# Jackplate on a Biscayne



## permitchaser (Aug 26, 2013)

Just put it on there you'll love it for what your doing. If your worried about weight get the small one but make sure you can go up 5-6 inches or its not worth it. I have a Bob's on mine and it's been working since "97
Let us know,how it works out


----------



## lemaymiami (Feb 9, 2007)

Before you even think about a jacker for that Biscayne talk to the folks that build them and listen to what they recommend.... I was on a Marquesa a few months back with a jackplate and I thought that plate ruined the skiff for poling purposes.... It was used to set a big motor far enough back that every time I went to set the pole I was hitting the motor.... Setting the motor back also changes the balance point on a small skiff - and may actually make it draft deeper as a result (you float the shallowest when your rig is perfectly level - not with your stern sitting low because you've moved your motor weight to the rear...).

Yes, there are places like Texas where you need a jackplate but think long and hard before adding one if you don't have to (just my opinion...).

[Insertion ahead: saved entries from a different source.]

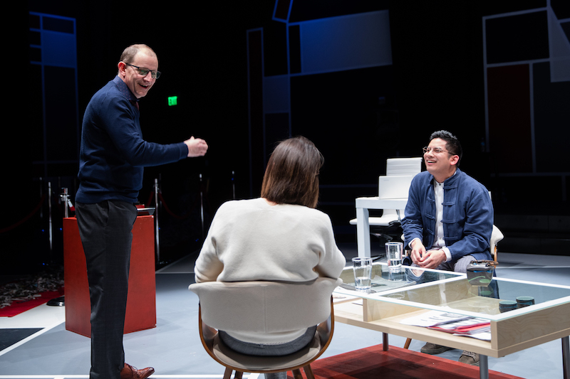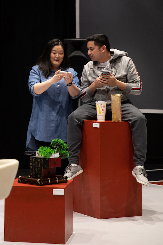 Walking into the theatre space, I step onstage to observe a small arts gallery, consisting of everyday objects that hint at the push-and-pull dynamic between Chinese and American culture. The performance begins with a TED talk-esque speech by dissident artist Lin Bo (Justin Huertas), who describes how the post-Tiananmen climate in China had inspired him to set up an imaginary protest against the Chinese government—an act that ultimately leads to his imprisonment. Before we know it, Chen seamlessly switches the setting to that of a journalist’s office, where Lin Bo is questioned again and again about his imprisonment, until the truthfulness of his account unravels. Chen shifts the scope of the performance yet again; now, two performers (Jonelle Jordan and Narea Kang) act out an artist’s interview that explores how truth and lies manifest in our culture. Chen changes the location once more, to a scene “after the show” where two actors discuss their motivations for creating CAUGHT and come to realize that they had been lied to by someone they had thought to be truthful. By the end of the performance, we are left questioning the authenticity of stories told by journalists, historians, and artists alike. What we believe to be the truth is simply based off the stories we hear and share all around us.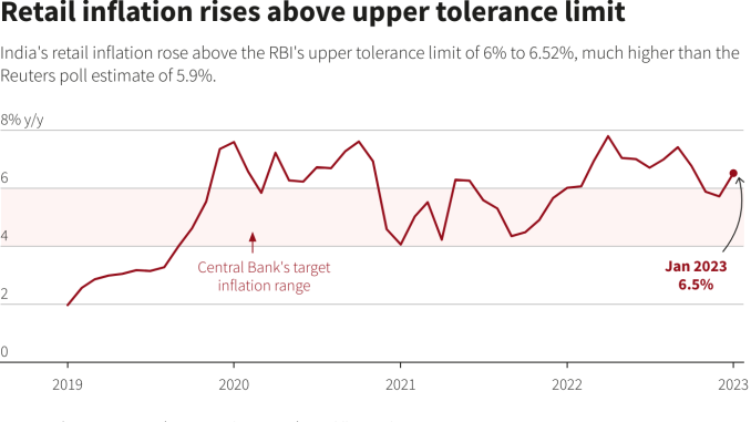 The current data shows that from Jan to Feb, the inflation rate decreased but very little and marginally, from 6.50% in January to 6.44% in February.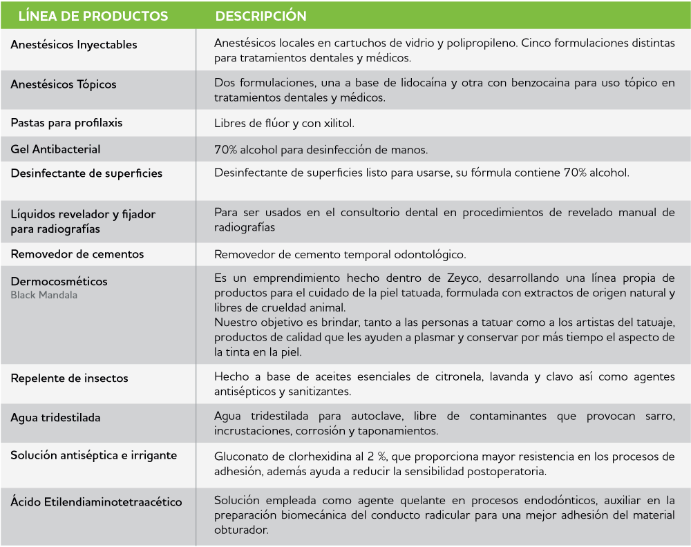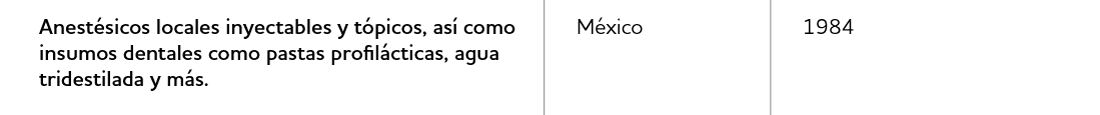Anestésicos locales inyectables y tópicos, así como insumos dentales como pastas profilácticas, agua tridestilada y más.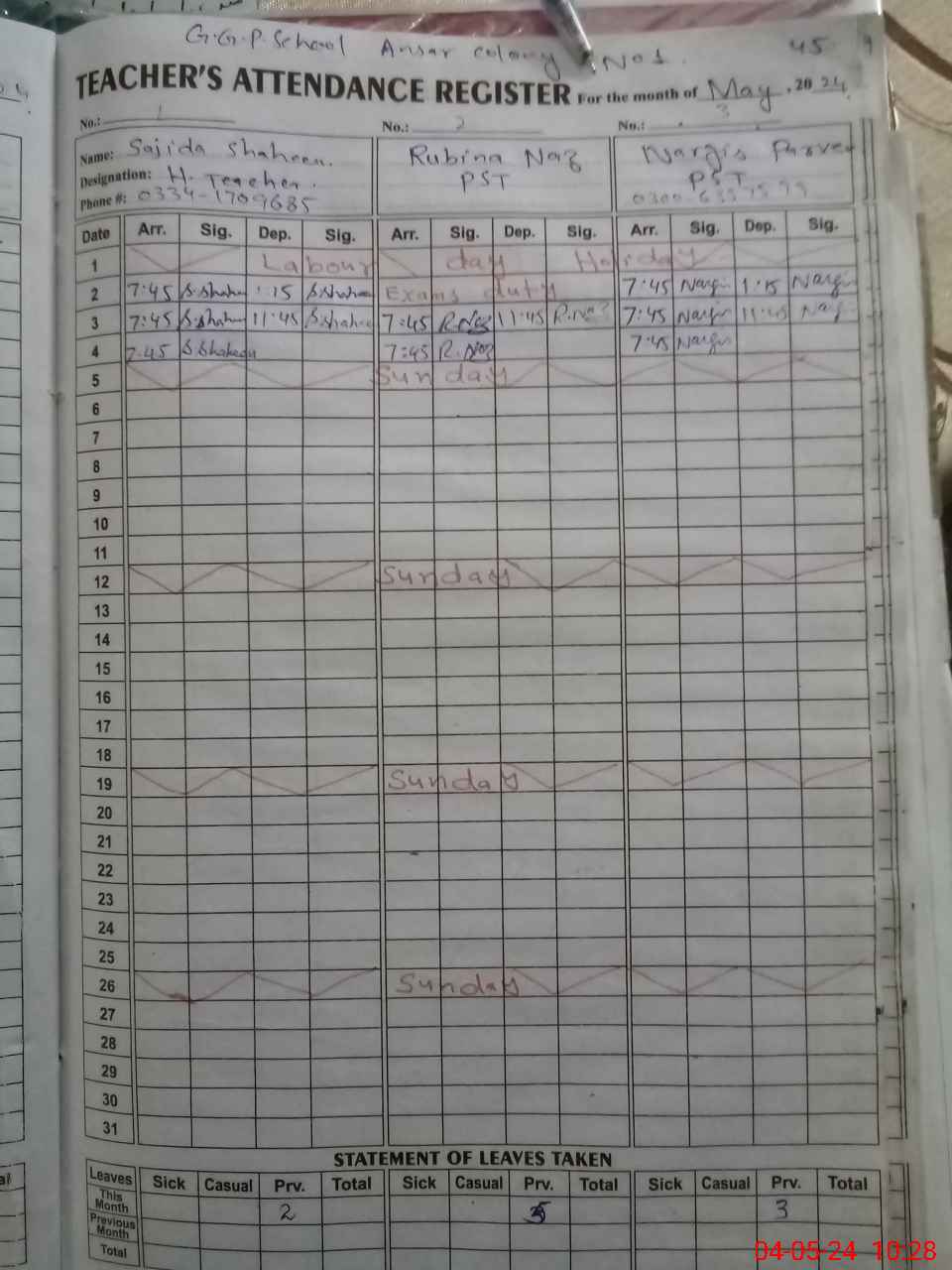 | Leave | Duty | Absent | Maternity | Medical | Ex- Pak |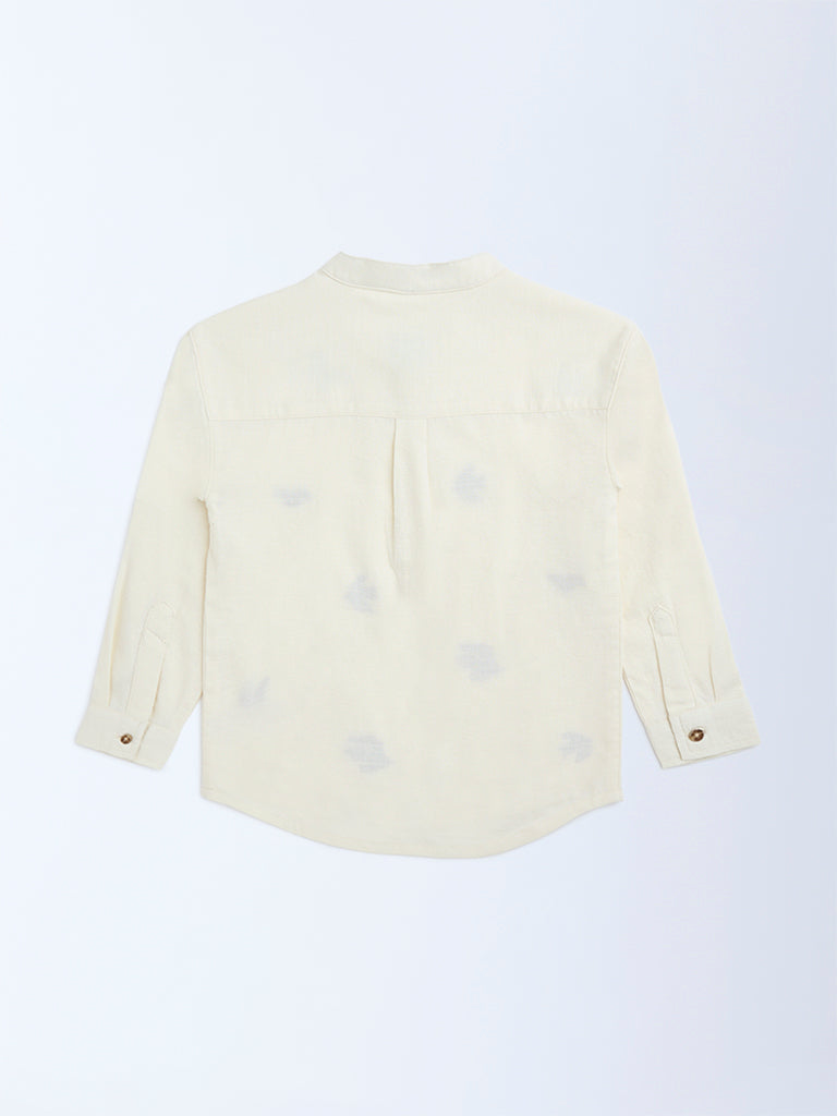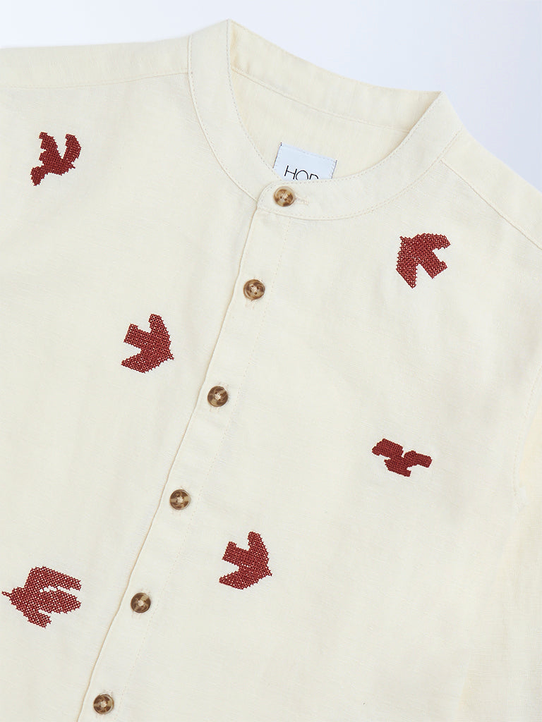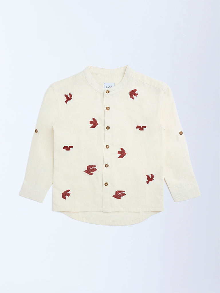 Add a touch of charm to your little one’s wardrobe with this cream shirt from HOP Kids. Crafted from pure cotton for all-day comfort. it features intricate embroidered detailing that brings playful personality to every stitch. The band-neck collar and button placket lend a smart finish. while the full sleeves make it perfect for dressing up on special outings or family get-togethers.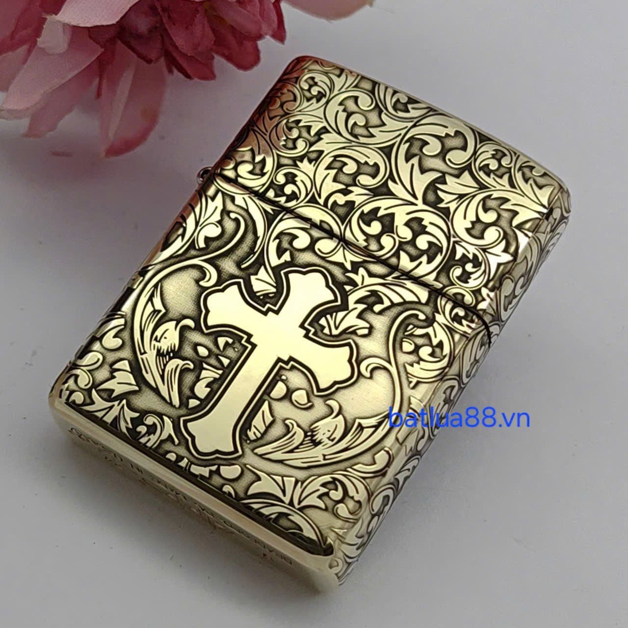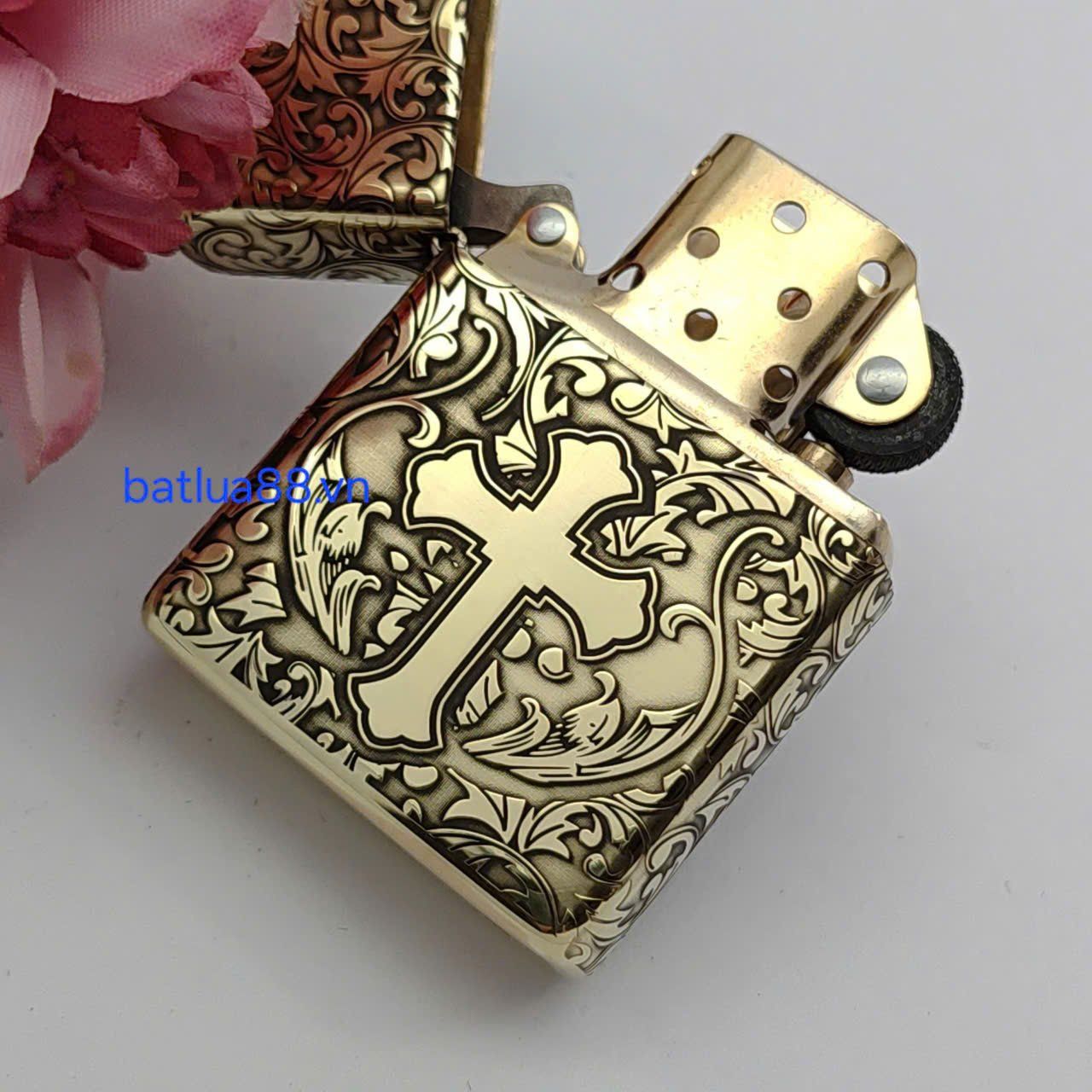 Bật Lửa Zippo Armor Đồng Nguyên Khối Khắc Chủ Đề Hoa Văn Thánh Giá ZKB127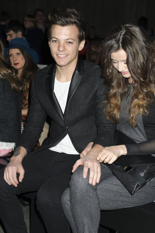 British singer Louis Tomlinson from the band One Direction and Eleanor Calder at the Unique collection during London Fashion Week.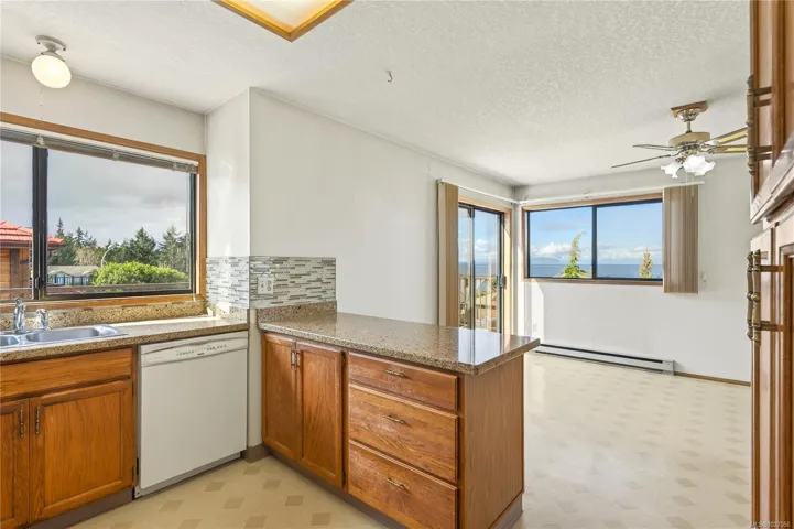Set on a quiet cul-de-sac in a highly desirable North Nanaimo neighbourhood, this lovingly maintained semi-custom home has been cherished by the same family for over 35 years. Vaulted ceilings take centre stage while expansive windows capture the beautiful ocean and mountain views, filling the 2,591 sqft, 4-bed, 3-bath home with natural light. Watch cruise ships, submarines, navy vessels, and passing pods of orcas from the comfort of your living room. The functional family layout includes generous living spaces and a kitchen with granite counters, while the flexible lower level is ideal for teens or guests. Outdoor living shines with a large back patio, updated vinyl deck (2023), and a beautifully landscaped, fully irrigated 0.23-acre yard, while a double garage includes a storage room. A welcoming home in a quiet, established neighbourhood where comfort, views, and community come together, ready for its next chapter. Verify data and measurements if important.

Anytime I'm in shallow areas and need to motor along I simply raise my motor to where it's just barely still able to pick up water and we putt, putt along back out into deeper waters -not mudding at all so we're not harming the bottom...


----------



## Capnredfish (Feb 1, 2012)

Depends where you fish. My example. Where I there are a few bars I must cross and a shallow area called slippery creek. Few times a year we get the extreme low tides and is needed. There is another reason. That 4 to 6 inches of motor height could mean hitting or missing a lost crab trap which we have many. I think it is worth the trade off for a little increase in poling draft.


----------



## sotilloa1078 (Mar 27, 2014)

I wouldn't put one on the boat. Just trim up and put put out like stated above.


----------



## permitchaser (Aug 26, 2013)

Well if I had any sense, and many on here wonder too, I should have jacked my motor up while riding out in the dark to chase Tarpon. Instead I hit Dog Island reef doing about 30. I am going to have my prop ground by the prop. Maker to fix that little tear I put in it


----------



## robert singal (Oct 16, 2016)

Thanks for all the replies guys...really appreciated. I bought the skiff to pole....if it takes tilting the engine throught the idle zones, so be it. I kinda like the clean lines, and as always, everything is a trade off. Not sure with the 'Zuke 90 I have the clearance anyway. I will get some more time under my belt running her first....super responsive on the tabs, she is a real treat.


----------



## Sandalous (Oct 30, 2013)

I put a jackplate on for the exact same reason. My only complaint is that I didn't do it sooner. That biscayne loves to squat and plow when trimmed up idling, especially with a 90, so you will benefit any time that you can lift up instead of trim out, especially when the water is low. Not sure how the V hull will behave as far as using it to get up in shallower water, but I'm sure you will pull a couple extra MPH out of the boat with it.


----------



## K3anderson (Jan 23, 2013)

I have a microjacker on a guide and it poles just fine. It weighs 23 lbs. Thing doesnt squat at all.


----------



## sotilloa1078 (Mar 27, 2014)

robert singal said:


> Thanks for all the replies guys...really appreciated. I bought the skiff to pole....if it takes tilting the engine throught the idle zones, so be it. I kinda like the clean lines, and as always, everything is a trade off. Not sure with the 'Zuke 90 I have the clearance anyway. I will get some more time under my belt running her first....super responsive on the tabs, she is a real treat.


I just idled out of the zones in my Biscayne (also with a zuke 90) last week. Just nice and easy, and had my clients sitting on the front. Never had any issues.


----------